Collaboration with drone startup Flybotix develops high performance brushless DC motors for a new kind of inspection drone
Two rotors instead of four was the approach used by startup Flybotix to develop its ASIO inspection drone, an indoor model for industrial facilities. It is built around a patented drive system powered by brushless DC motors from maxon, who worked closely with Flybotix to develop electric motors that are optimised for weight and performance as well as being adapted to this application. The drives will allow the ASIO to carry out long missions, reach distant locations, and save costs.

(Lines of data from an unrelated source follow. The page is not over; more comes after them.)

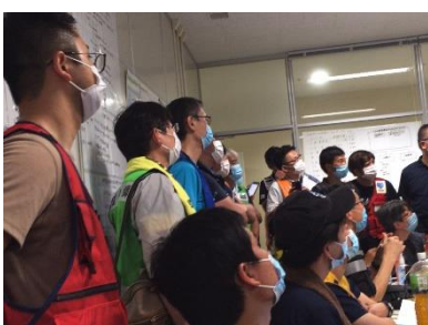
人吉市医療調整会議(下)

当日夜より球磨村の避難所である「さくらドーム」にて活動を開始。熊本県にも登録の上、主に以下の活動を実施。AMDAからは医師等11人を派遣した。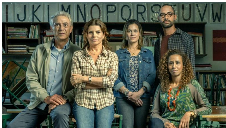
Foto 1: Da esquerda para direita, o diretor Jaci (Paulo Gorgulho), as professoras de Português, Lúcia (Débora Bloch); de História, Sônia (Hermila Guedes); de Matemática, Eliete (Thalita Carauta); e o professor de Artes, Marco (Silvio Guindane).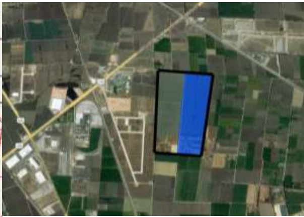
Se indica con línea negra el polígono del predio amparado con la Escritura 12,975 con superficie de 88.000 Has., y con polígono azul la superficie de 44-77-74.18 Has., que es motivo de la presente.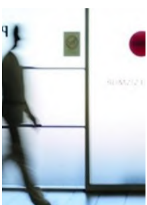
L'interne de garde, Virginie Saclier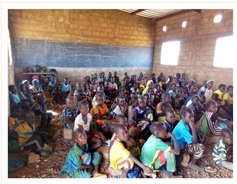
TRACE 03 · MARIE-JOACHIM · PREMIERS TEMPS

Des élèves, des bénévoles, des partenaires et des amis se mobilisent. Les premières pierres sont posées. Une école commence à prendre racine.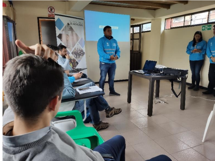
Imagen 7: Diálogo Ciudadano de la SDM en Mártires. Salón comunal, Plaza de Mercado Samper Mendoza.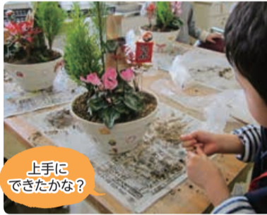
上手にできたかな？

工作やスポーツを楽しめる催しです。昨年12月は、小学生の子どもたちがお正月を迎える寄せ植えと飾り作りを行いました。講師に教えてもらいながら花の向きや配置を考え、とっても素敵な飾りができ上がりました！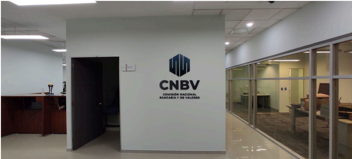
Imagen 7: Termino de detalles y colocación del logo institucional del Proyecto TNNF-Servicio Médico y Sindicato.

CNBV - Comisión Nacional Bancaria y de Valores, CDMX.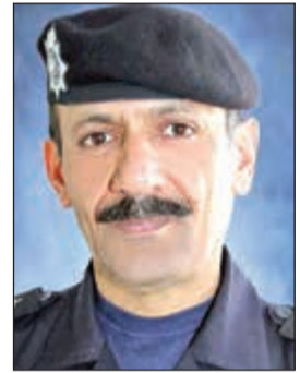
اللواء وليد الصالح

أبلغ مصدر أمني «الأنباء» بيان إدارة أمن المطار وخلال الشهر الماضي منعت سفر 165 شخصاً إلى خارج الكويت وألقت القبض عليهم وأحالتهم إلى الاختصاص نظراً لصدور أمر بمنعهم من السفر وتوقيفهم. وبحسب الإحصائية التي حصلت عليها «الأنباء» فإن أجهزة كشف المبعدين أدت إلى توقيف 48 وافداً حاولوا الدخول إلى الكويت رغم أن اسماءهم مدرجة في قوائم منع دخولها، فيما تم ضبط 5 وافدين حاولوا الدخول بجوازات سفر تخص غيرهم وهؤلاء تمت إحالتهم إلى النيابة بنهم متعلقة بالتزوير في محررات رسمية والشروع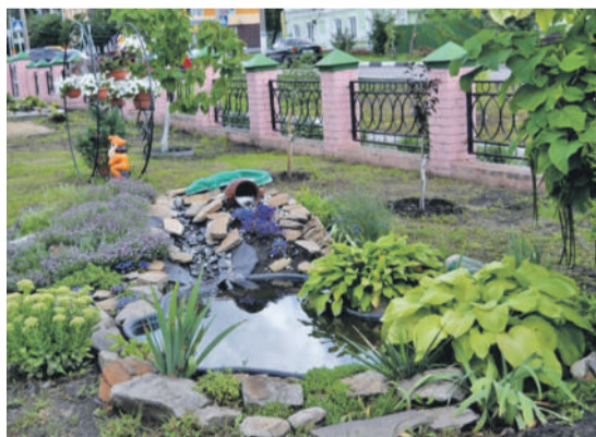
Ландшафтный дизайн на территории школы № 2

Flybotix is a Swiss company, based in Lausanne, which coincidentally is also home to one of maxon's innovation laboratories. Flybotix CEO and founder Samir Bouabdallah has 15 years of experience in developing drone technology at the EPFL and also at ETH Zurich. The drive system he developed with his team is an algorithm-controlled propulsion and steering mechanism with two degrees of freedom. “That gives the drones the aerodynamic performance of a helicopter and the mechanical reliability of a quadcopter” he says. ASIO is surrounded by a protective cage, is designed to be collision-proof, and allows access to tight spaces to carry out inspections safely. An on-board camera, combined with a high-quality display on the remote control, allows ‘pilots’ to fly safely in hazardous areas such as oil storage tanks, underground mines, or power plants.

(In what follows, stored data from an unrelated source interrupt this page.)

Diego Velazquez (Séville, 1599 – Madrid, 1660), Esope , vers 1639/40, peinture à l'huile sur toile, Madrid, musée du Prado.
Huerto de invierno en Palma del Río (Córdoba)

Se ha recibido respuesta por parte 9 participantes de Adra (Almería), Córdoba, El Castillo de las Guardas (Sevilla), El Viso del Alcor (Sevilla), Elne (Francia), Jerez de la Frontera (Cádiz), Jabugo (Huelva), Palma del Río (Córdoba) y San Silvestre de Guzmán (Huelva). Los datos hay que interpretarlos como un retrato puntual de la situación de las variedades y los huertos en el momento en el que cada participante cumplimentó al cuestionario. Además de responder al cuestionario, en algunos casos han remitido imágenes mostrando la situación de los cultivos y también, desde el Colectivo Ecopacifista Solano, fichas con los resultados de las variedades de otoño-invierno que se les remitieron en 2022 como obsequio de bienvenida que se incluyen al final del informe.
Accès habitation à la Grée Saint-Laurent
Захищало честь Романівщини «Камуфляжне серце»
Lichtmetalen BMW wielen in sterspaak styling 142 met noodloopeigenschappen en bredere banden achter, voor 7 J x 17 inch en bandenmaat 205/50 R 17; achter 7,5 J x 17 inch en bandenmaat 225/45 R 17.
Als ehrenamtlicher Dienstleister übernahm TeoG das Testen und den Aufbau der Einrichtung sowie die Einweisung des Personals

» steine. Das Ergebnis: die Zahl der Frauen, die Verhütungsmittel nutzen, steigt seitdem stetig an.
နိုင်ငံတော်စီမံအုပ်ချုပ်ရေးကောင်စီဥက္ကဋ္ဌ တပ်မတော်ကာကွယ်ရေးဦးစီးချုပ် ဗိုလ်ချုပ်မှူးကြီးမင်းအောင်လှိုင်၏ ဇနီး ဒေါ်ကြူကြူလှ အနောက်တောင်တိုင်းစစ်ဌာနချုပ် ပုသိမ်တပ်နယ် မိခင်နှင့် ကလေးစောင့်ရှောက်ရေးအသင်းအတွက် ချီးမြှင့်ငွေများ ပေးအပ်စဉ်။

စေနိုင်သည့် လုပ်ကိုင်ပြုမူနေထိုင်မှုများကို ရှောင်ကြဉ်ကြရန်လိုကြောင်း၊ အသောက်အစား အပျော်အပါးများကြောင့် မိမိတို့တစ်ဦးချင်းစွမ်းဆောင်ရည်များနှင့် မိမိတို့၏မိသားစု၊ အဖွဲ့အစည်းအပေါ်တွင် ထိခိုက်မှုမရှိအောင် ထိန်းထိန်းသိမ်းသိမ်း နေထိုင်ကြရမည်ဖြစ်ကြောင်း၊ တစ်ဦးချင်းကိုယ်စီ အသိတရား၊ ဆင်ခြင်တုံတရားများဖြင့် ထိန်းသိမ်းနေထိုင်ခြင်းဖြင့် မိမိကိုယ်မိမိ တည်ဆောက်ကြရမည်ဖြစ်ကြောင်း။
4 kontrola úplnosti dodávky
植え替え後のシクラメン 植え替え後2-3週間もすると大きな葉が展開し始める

The market for unmanned autonomous aerial vehicles (UAV) is generally regarded to be new but very dynamic—many startups like Flybotix are involved, and there are plenty of potential applications in areas like inspection, agriculture, security, and transport. Following the industry’s initial ventures (and a few setbacks), the safety requirements placed on unmanned aerial vehicles and their components has increased and is likely to continue doing so.
In 2019 maxon developed a number of initial drives which were constructed for special projects, with matching ESCs (Electronic Speed Controllers). In the drone market, the motor is not the only thing that matters. Equally important is the interplay of BLDC motors, motor controllers, and matching propellers. Designers know that this is the only way to get the most out of the system in terms of thrust and energy efficiency. maxon's engineers were eager to learn as much as they could from experts like Samir Bouabdallah and to foster information exchange, right from the start. With the experience gained, maxon says it is ready to support customers in the fast-growing UAV market with customized motors and systems.
Incidentally, the most talked-about drone in the world, “Ingenuity,” which will take off from the surface of Mars in 2021, is equipped with six maxon DC motors. A matter of some gravity.